Some of the worst damage occurred at Rochester, Syracuse, and Utica. Three people were killed, two of them at the New York State Fairgrounds in Syracuse. Governor George Pataki declared nine counties in that region to be in a state of emergency, which meant that the state would provide financial and other resources to those counties if help was requested.

An 89 mph wind gust was recorded at the Greater Rochester International Airport and a 77 mph gust was recorded at Syracuse Hancock International Airport.
Winds peaked at an estimated 115 mph by radars.
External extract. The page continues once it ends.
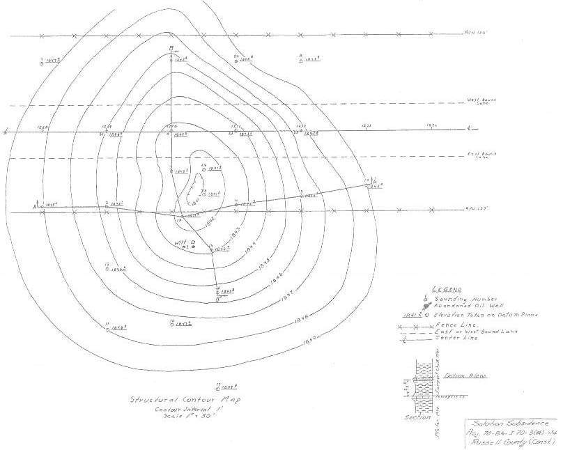 1-70 in this area is aligned through the heart of the Gorham Oil Field. It is a very densely-drilled portion of the state, and although sinkholes hadn't caused much trouble at the time, geologists quickly suspected that the subsidence was caused by improper plugging of abandoned wells. Research into oilfield geology and deep groundwater movement led the Highway Commission to the cause-dissolution of the Hutchinson Salt Member.

Tens of thousands of trees were blown down. Embedded within this derecho was a supercell thunderstorm, which produced an extensive damage path from the Syracuse area, through the northern suburbs of Albany, and into western Vermont. Lightning with this particular storm was reported by many in its path as extreme, creating twilight conditions in Rochester, and daylight conditions on its rampage down the Mohawk Valley. The constant lightning was striking as many as 10–20 times per second. Damage was estimated at $130 million.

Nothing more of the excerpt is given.